Kâinat kitabı o kadar muhteşem ki, her harfi bir kitap, her sayfası kitaplar dolusu sır ve mânâlarla yüklü, Rabbin esmâsının okunduğu milyarlarca devasa kütüphanelerle bezenmiştir.

Bu kitabın mütalâacıbaşı ve tarif edicisi Hz. Resulullah (asm), kâinatın muammasını ve en gizli sırlarını, asırlara ve asırların nuranî halkalarına okuyarak tarif etmiş; onu okuma ve anlama yolunda rehberlik ve pişdarlık yapmıştır.

“İnsan” mânâsındaki her varlık ise o tarif edici Üstad’dan (asm) aldığı nurlu tarifnâme ve şifrelerle, kâinat kitabını mütalâa ederek harflerini, kelimelerini, cümle ve sayfalarını ve onlardaki gizli sır ve muammaları çözmeye çalışır.

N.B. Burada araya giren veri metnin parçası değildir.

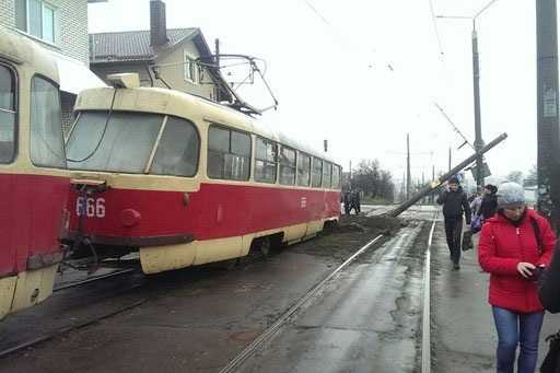 В Харькове произошла авария с участием трамвая. Около 8:00 на перекрестке проспекта Тракторостроителей и улицы Амосова сошел с рельсов трамвай. При этом он сбил опору контактной сети.

İşte her biri esmânın bir cilvesi olan varlık âleminin taşıdığı gizli sırlarını ve mânâlarını anlamak için sarf edilen bu çabaya “tefekkür” diyoruz .

Elbette ki mevcudatın mânâsı tefekkürle çözülür ve anlaşılarak mânâ kazanır. Şu kitab-ı kebîr-i kâinatın hülâsası olan Kur’ân-ı Hakim’in her bir âyeti bir tefekkür hazinesi, onun tarif edicisi Yüce Resul’ün (asm) her hadisi binlerce tefekkür manzumesidir.

Mü’minlerin annesi Hz. Âişe validemiz, Hz. Resulullahı (asm) en çok düşündürüp etkileyen ve ağlatan âyetlerden birinin “Göklerin ve yerin yaratılışında, gecenin ve gündüzün gidip gelişinde elbette akl-ı selim sahipleri için ibret verici deliller vardır” (Âl-i İmran Sûresi 3/190) âyeti olduğunu belirtir. Hz. Rasulullah (asm) bununla ilgili “Bu âyeti okuyup da üzerinde tefekkürde bulunmayan, düşünmeyen kişilere yazıklar olsun” demiş; diğer bir hadisinde de “Bir saat tefekkür, bir sene nafile ibadetten hayırlıdır” diyerek tefekkürün taşıdığı sevap ve ehemmiyeti vurgulamıştır.

Peki, insanlık başta kendini ve bütün kâinatı anlamasıyla ilgili bu mütalâayı nasıl yapacak? Elbetteki kendisine verilen ve her biri paha biçilmez değerdeki zahiri ve batınî duygularıyla ve Hz. Rasûlullah’ın (asm) gösterdiği şekliyle…

İnsanlığın uzay çağını yaşadığı ve teknolojinin baş döndürücü bir hızla gelişme kaydettiği “âhirzaman” diye isimlendirilen asrımızda, eserlerinde fen ilimleri ile din ilimlerini mezcederek, zamanımıza bakan Kur’ân âyetleri ve hadislere yorumlar getiren Büyük Kur’ân Müfessiri Bediüzzaman, Şuâlar isimli eserinin 7. Şuâ’ında kâinat kitabını mütalâa eden seyyahla, bizi esir maddesinden ve hurdebînî bir mikroptan tâ galaksilere kadar her varlığı ayrı ayrı ziyaret ettirerek, uğradığı her varlığın “Ben neyim? Nereden geliyorum? Yaratılışımdaki maksat ve mânâ nedir ve nereye gidiyorum?” vb. suâllerine cevap verdirerek yüksek sır ve mânâlarını mütalâa ettirir.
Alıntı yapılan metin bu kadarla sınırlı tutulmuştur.